• 16
    Jan - 2020

    MicroPython
    11 min | 2321

    #MAixPy: Object detector - MobileNet and YOLOv2 on Sipeed MAix Dock

    MicroPython | 11 min | 2321


    aiot
    keras
    machine learning
    maix dock
    micropython
    object detection
    tensorflow lite
    yolov2

    This tutorial is about training and deploying a YOLOv2 object detector on a MAix M1w Dock Suit running MicroPython. The MobileNet is used as a pre-trained model for the training.
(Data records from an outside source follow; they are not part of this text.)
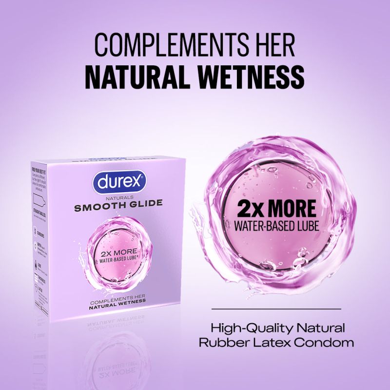 Durex Smooth Glide condoms come with twice the lubrication of a standard condom, helping to reduce friction and make sex feel smoother and more comfortable, especially when experiencing dryness.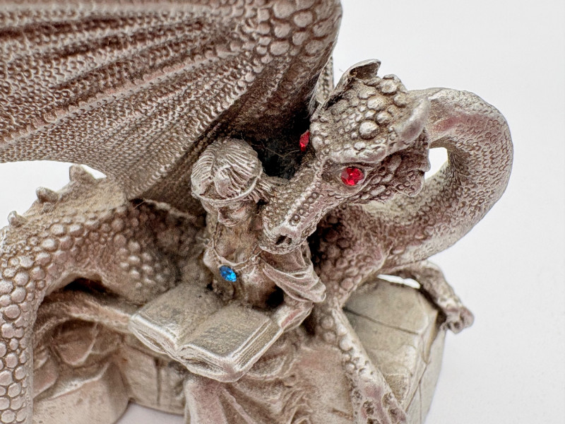 - Dragon reading with his girl. Measures 2.5” H.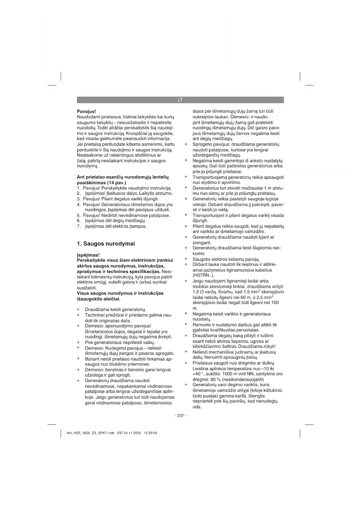 Generatorių varo degimo variklis, kuris išmetamojo vamzdžio srityje (kitoje kištukinio lizdo pusėje) gamina karštį. Stengtis nepriartėti prie šių paviršių, kad nenudegtų oda. Anl_HSE_3500_E5_SPK7.indb 237 24.11.2020 15:39:54LT
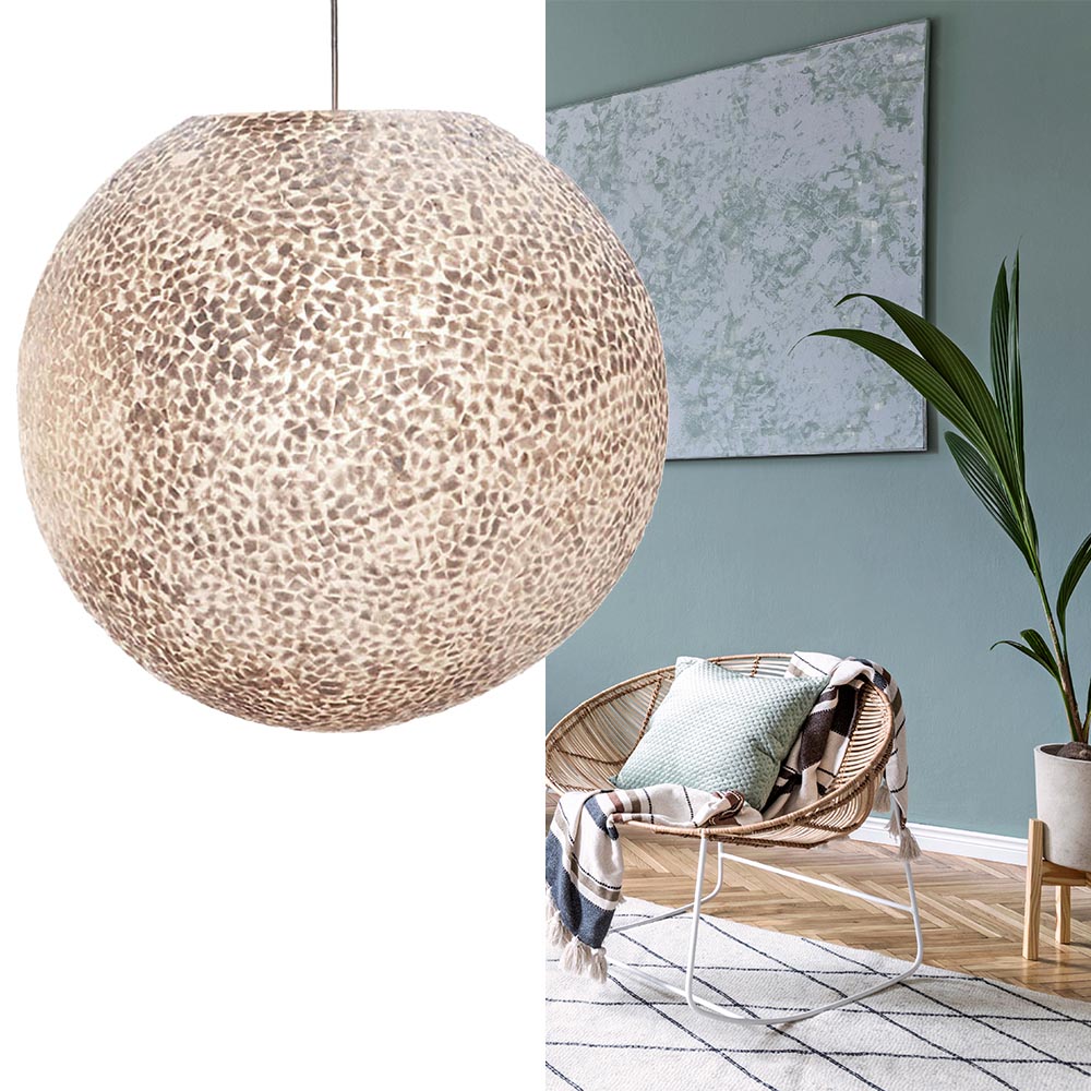 Breng een beetje het strand gevoel in huis met deze sfeervolle schelpen hanglamp. De ronde hanglamp met een doorsnede van 40 cm is gemaakt uit een fiberglas mal waar gebroken stukjes capiz schelpen in zijn gelegd. De schelpen zorgen voor een sfeervol effect wanneer de lamp is ingeschakeld. Door de witte/parelmoer schelpen krijgt de kap een frisse moderne uitstraling. De schelpen bol hanglamp hangt aan een transparant snoer die naar wens is in te korten en wordt aan het plafond bevestigd met een ronde nikkel bevestiging. De schelpen hanglamp is een mooi toevoeging aan een hal, slaapkamer of woonkamer. De schelpen hanglamp bol 40 cm wit/parelmoer wordt geleverd zonder lichtbron (E27).

    Therefore, this tutorial will try to accomplish the following points:

    1. A quick introduction to YOLO(v2)
    2. A quick introduction to MAix KPU
    3. Training, evaluation, and testing of the object detector model (on Jupyter-Notebooks running on Docker)
    4. Flashing the trained model on the MAix M1w Dock Suit running MicroPython (MAixPy)
    5. Detecting a BRIO locomotive using the MAix M1w Dock Suit

    A training example is included, which is used in the following video (turn on the sound!).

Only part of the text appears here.